The pregnant woman has always been the fallen and the damned. Now, according to red states, it’s acceptable—necessary, even—to ensure that she knows this, from the very moment of conception until the moment she loses the power to make any choices about how she gives birth. Even if she dies, she was forever that which stood in the way of flawless, purest life.

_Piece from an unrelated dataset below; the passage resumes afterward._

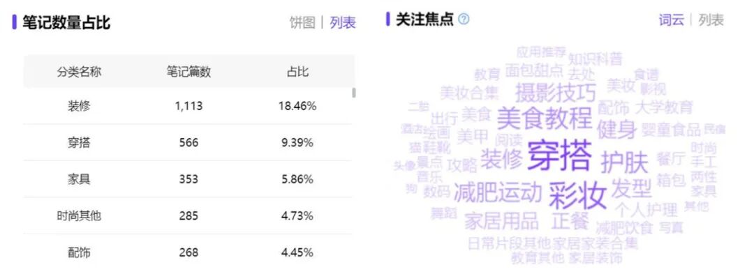 从笔记数量占比来看,虽然【装修】类相关笔记以18.46%的占比超过穿搭所占比的9.39%,但在粉丝关注焦点中,【穿搭】却是排行第一,更受用户的关注。

And the Sarah Jones piece at New York magazine is worth reading also, although you have to be more persistent to get through the New York paywall sometimes. This looks at a Texas woman, Yeniifer Alvarez-Estrada Glick, who was murdered by the state of Texas. She suffered from serious health complications through most of her life that went untreated because Texas is one of the worst states in the nation about paying for health care for the poor. Texas still has, as it has had for many years, the highest rate of uninsured people in the nation. When Glick became pregnant her body simply couldn’t sustain the pregnancy. She sought medical help several times, and the Texas health care system pretty much just ignored her, until the day she died before the paramedics could revive her. Doctors reviewing her records have said that if she had received an abortion when she first presented with a clearly disasterous pregnancy, she probably would be alive now. Sarah Jones concludes,
Women, having sinned, cannot be sinned against. Perhaps they got pregnant when they shouldn’t have, or did something to make a pregnancy go south. Maybe Alvarez should’ve worked harder, and pulled herself out of poverty with nothing but personal grit at her disposal. The fault is hers, and hers alone, to these lawmakers. A fetus, though, has yet to fail and thus deserves salvation.

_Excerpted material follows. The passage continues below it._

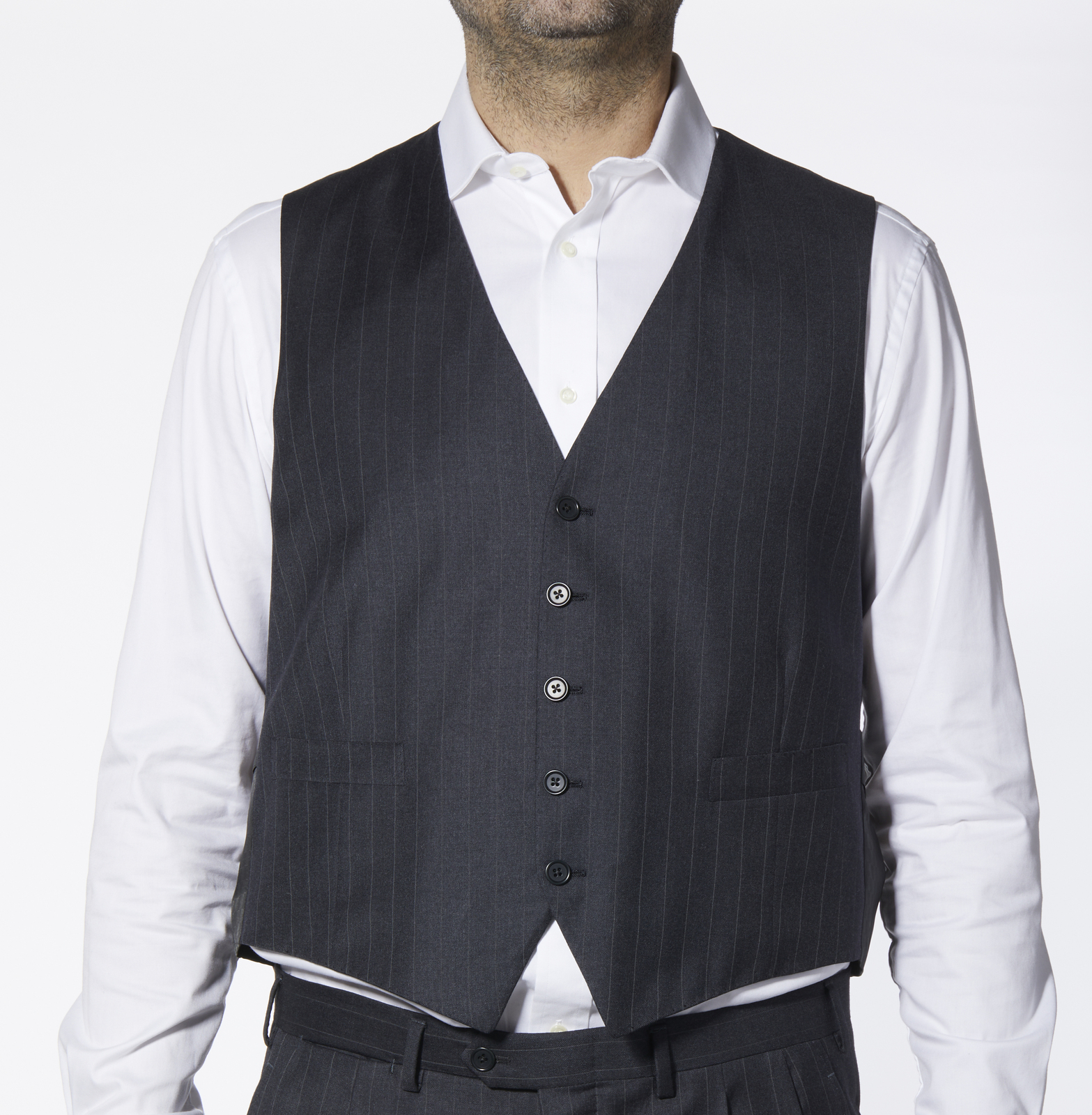 BATTISTONI Completo da uomo. Tessuto.. . Completo da uomo composto da una giacca, un gilet e due paia di pantaloni. Colore grigio gessato.

This makes for cruel policy. When it is put into practice, both woman and fetus can die. Alvarez is buried with her daughter Selene, who was delivered by emergency C-section but did not survive her mother’s demise. Abortion bans aren’t meant to save lives but to empower the lawmakers who write them. They envision a world with themselves at the top, passing judgment on all those beneath them. A person is disposable because someone in power decides they are such. Alvarez’s death was preventable, but in its own way, inevitable. There will be more like her as long as conservatives get their way.
I’ve been saying for years (see this post I wrote in 2006, for example) that the difference between the so-called “pro-life” and “pro-choice” opinions isn’t whether one perceives a fetus as a human being, but whether one perceives a woman as a human being.